New Writing



Birdcatchers

Kristin Robertson


What happens to the birds who get stuck in the subway?
Only God and I know.
I’ve been catching birds for nearly 20 years now. 20 years of feathers in my face, of wriggling grey creatures frightened out of their simple minds. Some birds come easily, faithful like children, but others will fight like a cornered bear: all claws and flapping arms. There is nothing quite like the peaceful cooing of a dove in your hands though. Releasing them is euphoric. Before they leave there’s that brief glitch in time when a bird hears the call home before they follow it. Those who taste imprisonment learn their lessons well. I’ll never see them again.
Until about 13 years ago I had loved my job through and through. But then he found his way in. My very own big, blue whale. Well, except that it’s a big, green bird. A feral Rose-ringed Parakeet that is just as much of a menace as Melville’s beast. His unnatural warble taunts me through the tunnels. His demonic workings are evidenced by sections of damaged pipes and light fixtures. For years he has survived off the wastefulness of commuters and has hid in the many nooks of this maze. There are times where I don’t see his savage form for weeks. I always end up wondering if he met his end in the face of a train he couldn’t outrun. But then his chirps echo their way to me and my sick satisfaction is destroyed. An ordinary bird would have found their way out by now.
Mark my words well; one day his luck will run out.

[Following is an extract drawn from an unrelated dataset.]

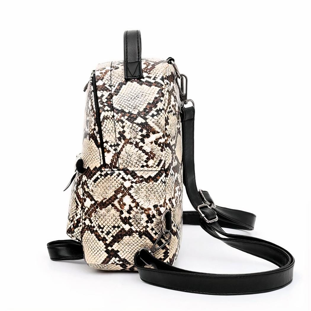 Mochila pequeña con estampado de serpiente para mujer

A young man crosses my path too often for coincidence. Platform 2, it’s always platform 2. In the thrilling youth of his twenties, he complains about the rising train fares and spends time with many “lucky” girls. The girls are different almost every time and yet they are the same: intense eyes that teem with subtext and an all-round air of importance, no doubt created by the young man himself. He relishes the attention he gets from harvesting such high egos. Perhaps he feels he’s won the prize no other man could hold, a prize he created himself. And yet, he’s the one who cuts them loose. I’ve seen him cut at least three of them right here on the platform. He leaves their bright eyes dripping as he’s carried further away on a train ride meant for two.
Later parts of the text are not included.